--- COLLECTED MATERIAL ---
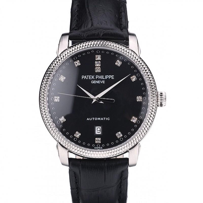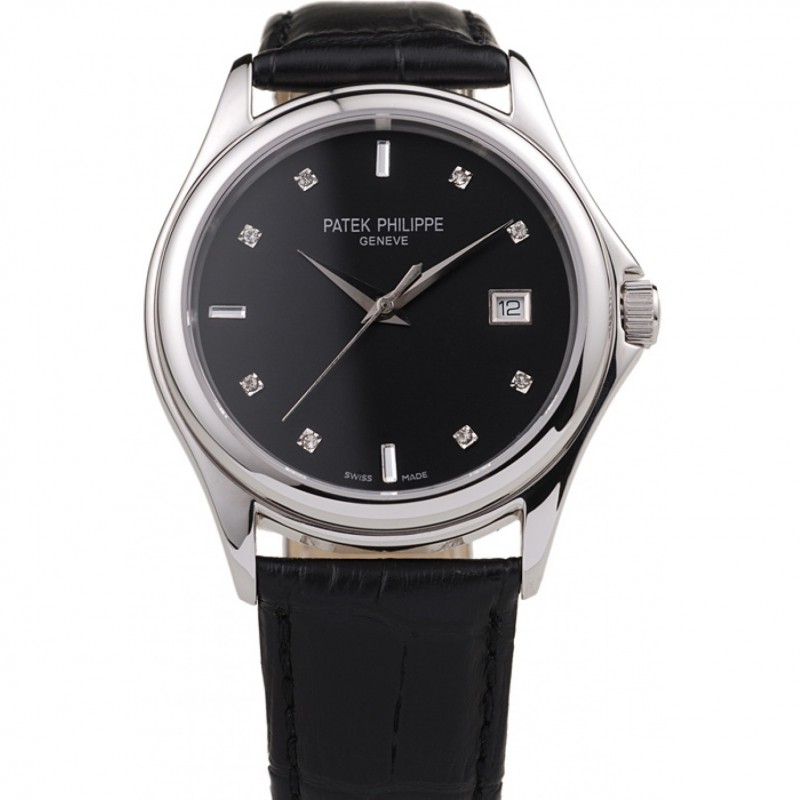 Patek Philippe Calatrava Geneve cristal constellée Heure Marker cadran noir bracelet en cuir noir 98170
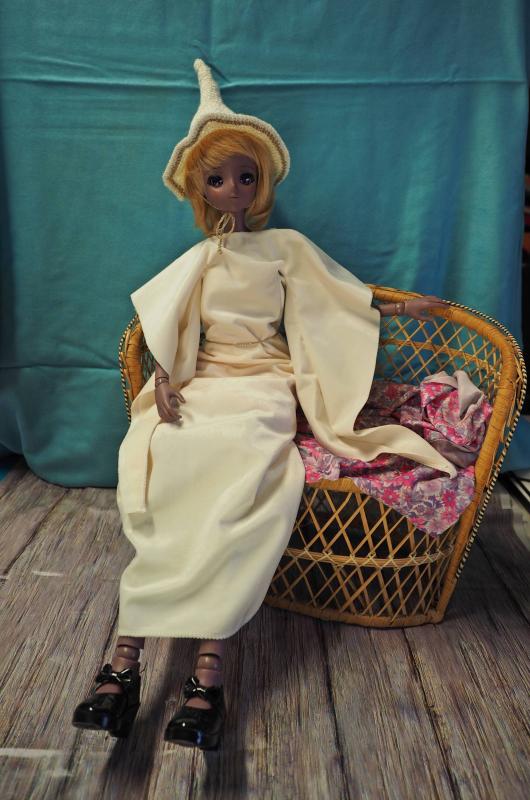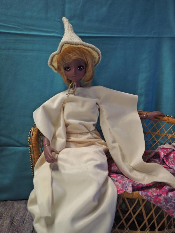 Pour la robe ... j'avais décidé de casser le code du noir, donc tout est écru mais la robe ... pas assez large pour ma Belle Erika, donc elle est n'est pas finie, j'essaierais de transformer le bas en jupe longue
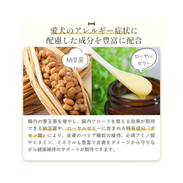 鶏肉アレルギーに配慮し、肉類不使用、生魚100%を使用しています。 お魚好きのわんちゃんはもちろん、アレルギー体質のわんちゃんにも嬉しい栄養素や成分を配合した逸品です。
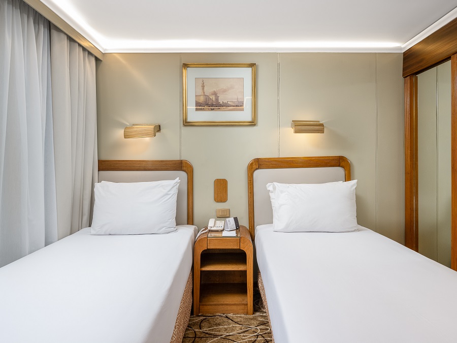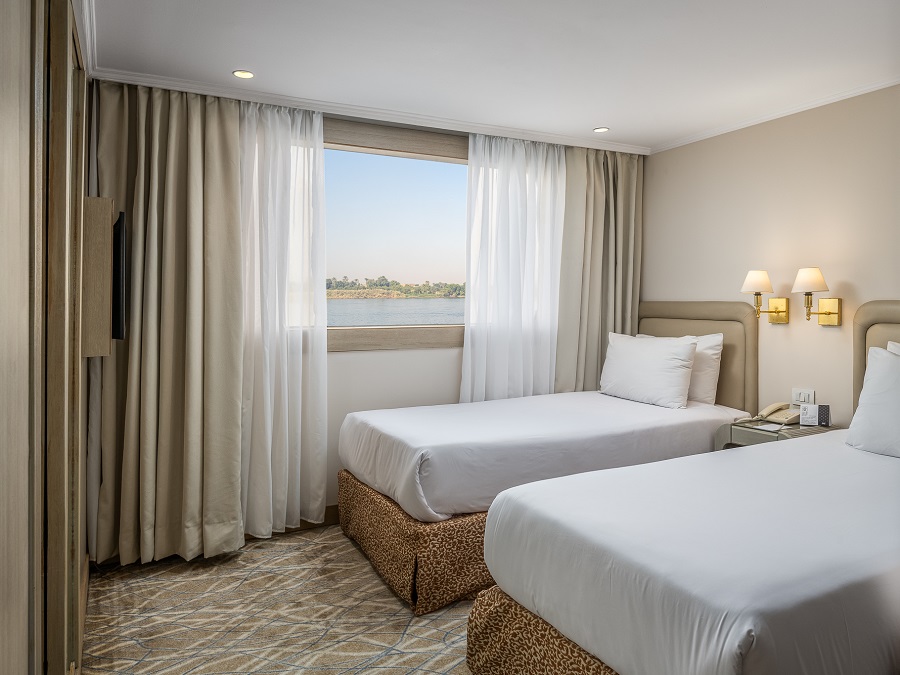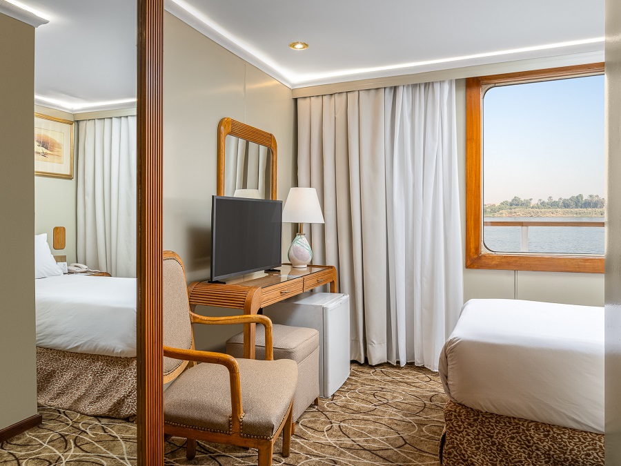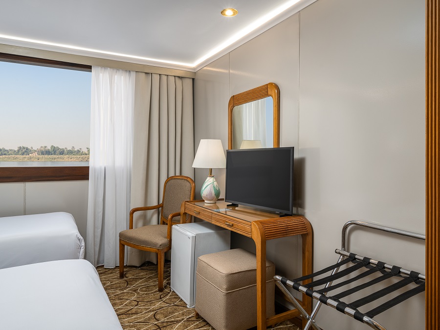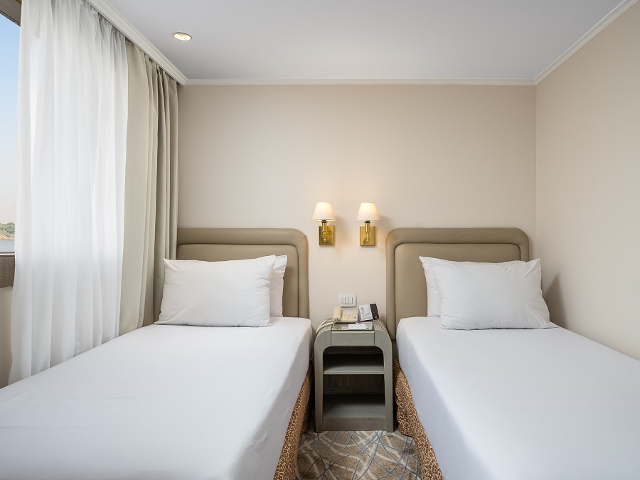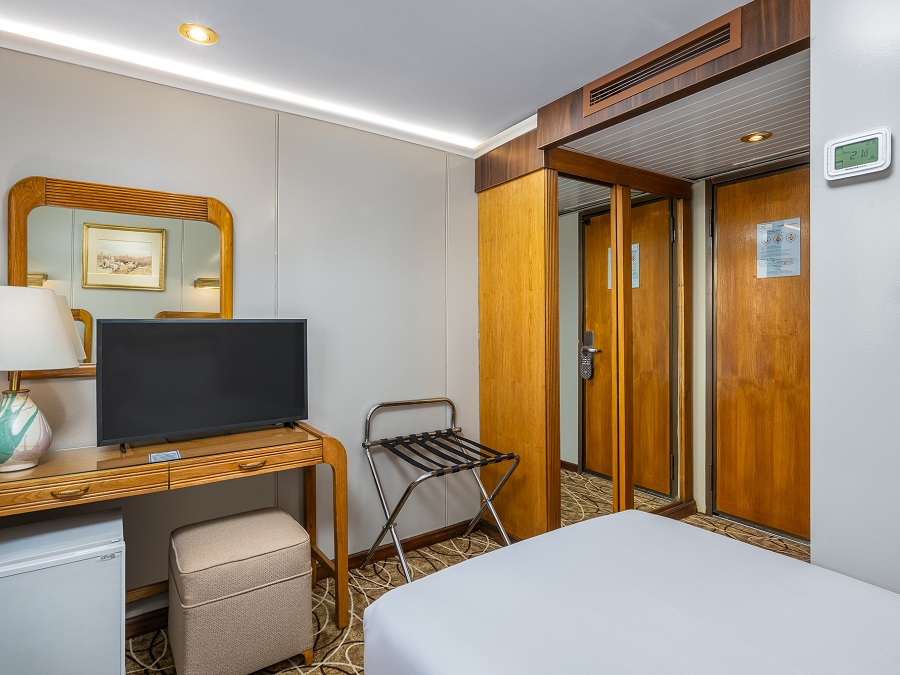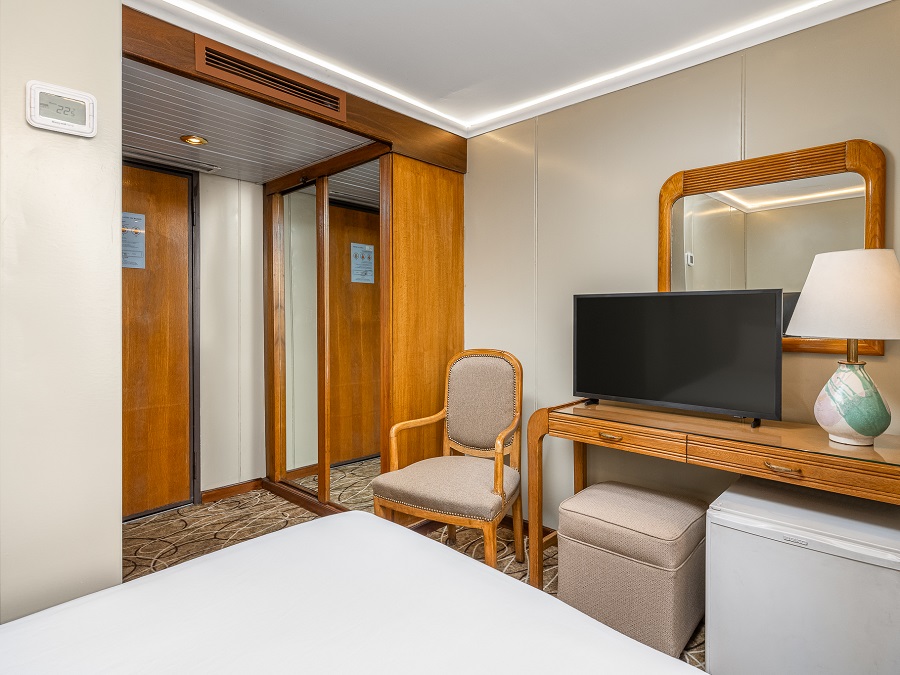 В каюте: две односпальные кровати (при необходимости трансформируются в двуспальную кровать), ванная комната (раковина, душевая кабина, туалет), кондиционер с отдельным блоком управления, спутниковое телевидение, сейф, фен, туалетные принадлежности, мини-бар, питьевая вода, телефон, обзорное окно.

--- WHAT YOU HAVE TO DO ---
Any picture in the material is to be left out, and everything else is to be retyped as is.

--- EXERCISE RESULT ---
 Patek Philippe Calatrava Geneve cristal constellée Heure Marker cadran noir bracelet en cuir noir 98170
 Pour la robe ... j'avais décidé de casser le code du noir, donc tout est écru mais la robe ... pas assez large pour ma Belle Erika, donc elle est n'est pas finie, j'essaierais de transformer le bas en jupe longue
 鶏肉アレルギーに配慮し、肉類不使用、生魚100%を使用しています。 お魚好きのわんちゃんはもちろん、アレルギー体質のわんちゃんにも嬉しい栄養素や成分を配合した逸品です。
 В каюте: две односпальные кровати (при необходимости трансформируются в двуспальную кровать), ванная комната (раковина, душевая кабина, туалет), кондиционер с отдельным блоком управления, спутниковое телевидение, сейф, фен, туалетные принадлежности, мини-бар, питьевая вода, телефон, обзорное окно.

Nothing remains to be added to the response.